◆ **Task details**
Print only the lines below, from the very first to the one containing "Het kleine boompje", exactly as they stand. Do not print pictures.

◆ ◆ ◆

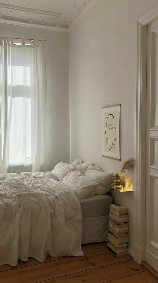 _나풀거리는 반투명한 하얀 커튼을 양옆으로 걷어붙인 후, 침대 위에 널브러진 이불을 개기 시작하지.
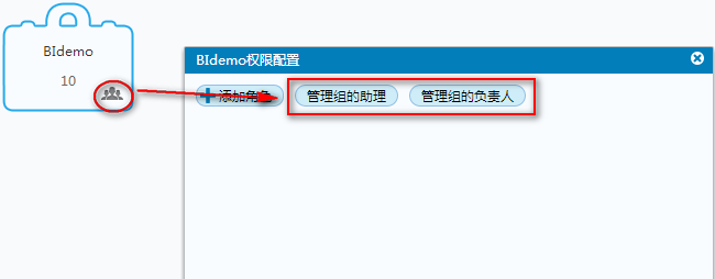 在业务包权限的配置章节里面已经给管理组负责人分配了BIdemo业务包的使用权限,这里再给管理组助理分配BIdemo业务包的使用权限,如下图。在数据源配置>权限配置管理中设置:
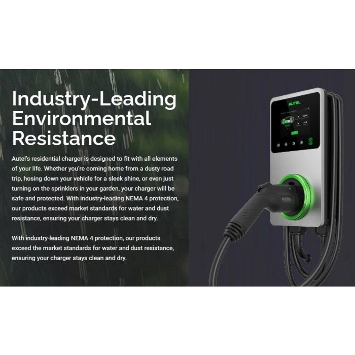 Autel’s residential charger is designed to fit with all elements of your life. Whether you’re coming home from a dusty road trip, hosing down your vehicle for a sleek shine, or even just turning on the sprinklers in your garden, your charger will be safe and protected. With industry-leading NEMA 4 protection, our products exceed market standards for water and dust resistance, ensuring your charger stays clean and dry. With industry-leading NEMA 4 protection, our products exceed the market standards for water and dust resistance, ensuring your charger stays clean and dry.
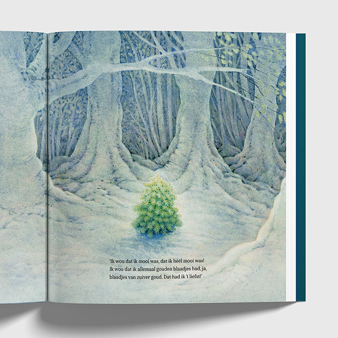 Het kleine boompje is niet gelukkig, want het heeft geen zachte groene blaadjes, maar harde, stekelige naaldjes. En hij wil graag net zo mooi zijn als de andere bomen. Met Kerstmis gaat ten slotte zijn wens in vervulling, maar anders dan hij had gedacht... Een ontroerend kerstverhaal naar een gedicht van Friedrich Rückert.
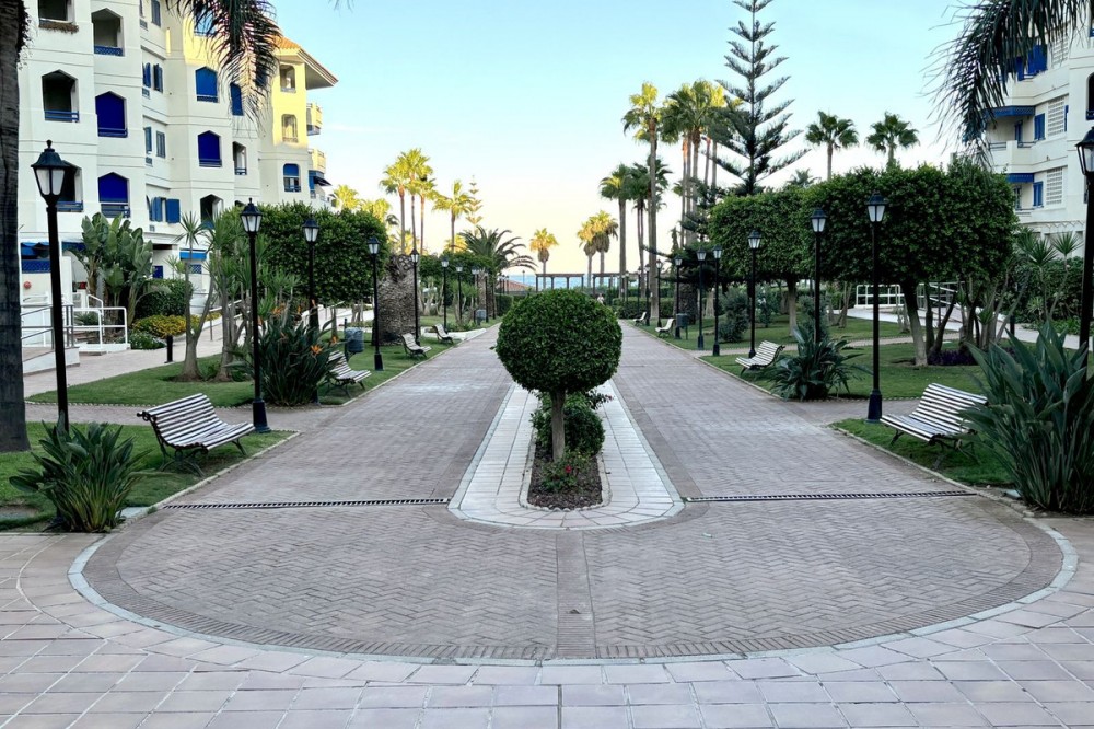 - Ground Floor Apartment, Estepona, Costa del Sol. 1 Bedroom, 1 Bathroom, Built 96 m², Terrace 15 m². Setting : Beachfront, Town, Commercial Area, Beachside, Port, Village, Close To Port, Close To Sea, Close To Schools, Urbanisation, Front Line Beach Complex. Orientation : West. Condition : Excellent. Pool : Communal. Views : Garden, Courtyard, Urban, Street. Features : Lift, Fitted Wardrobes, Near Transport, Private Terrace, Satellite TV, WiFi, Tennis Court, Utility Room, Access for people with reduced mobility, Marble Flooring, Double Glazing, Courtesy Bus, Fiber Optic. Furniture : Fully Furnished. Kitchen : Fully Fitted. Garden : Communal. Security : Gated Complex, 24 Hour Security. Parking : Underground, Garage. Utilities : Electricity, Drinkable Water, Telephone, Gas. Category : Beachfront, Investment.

◆ ◆ ◆

◆ **Written answer**
 _나풀거리는 반투명한 하얀 커튼을 양옆으로 걷어붙인 후, 침대 위에 널브러진 이불을 개기 시작하지.
 在业务包权限的配置章节里面已经给管理组负责人分配了BIdemo业务包的使用权限,这里再给管理组助理分配BIdemo业务包的使用权限,如下图。在数据源配置>权限配置管理中设置:
 Autel’s residential charger is designed to fit with all elements of your life. Whether you’re coming home from a dusty road trip, hosing down your vehicle for a sleek shine, or even just turning on the sprinklers in your garden, your charger will be safe and protected. With industry-leading NEMA 4 protection, our products exceed market standards for water and dust resistance, ensuring your charger stays clean and dry. With industry-leading NEMA 4 protection, our products exceed the market standards for water and dust resistance, ensuring your charger stays clean and dry.
 Het kleine boompje is niet gelukkig, want het heeft geen zachte groene blaadjes, maar harde, stekelige naaldjes. En hij wil graag net zo mooi zijn als de andere bomen. Met Kerstmis gaat ten slotte zijn wens in vervulling, maar anders dan hij had gedacht... Een ontroerend kerstverhaal naar een gedicht van Friedrich Rückert.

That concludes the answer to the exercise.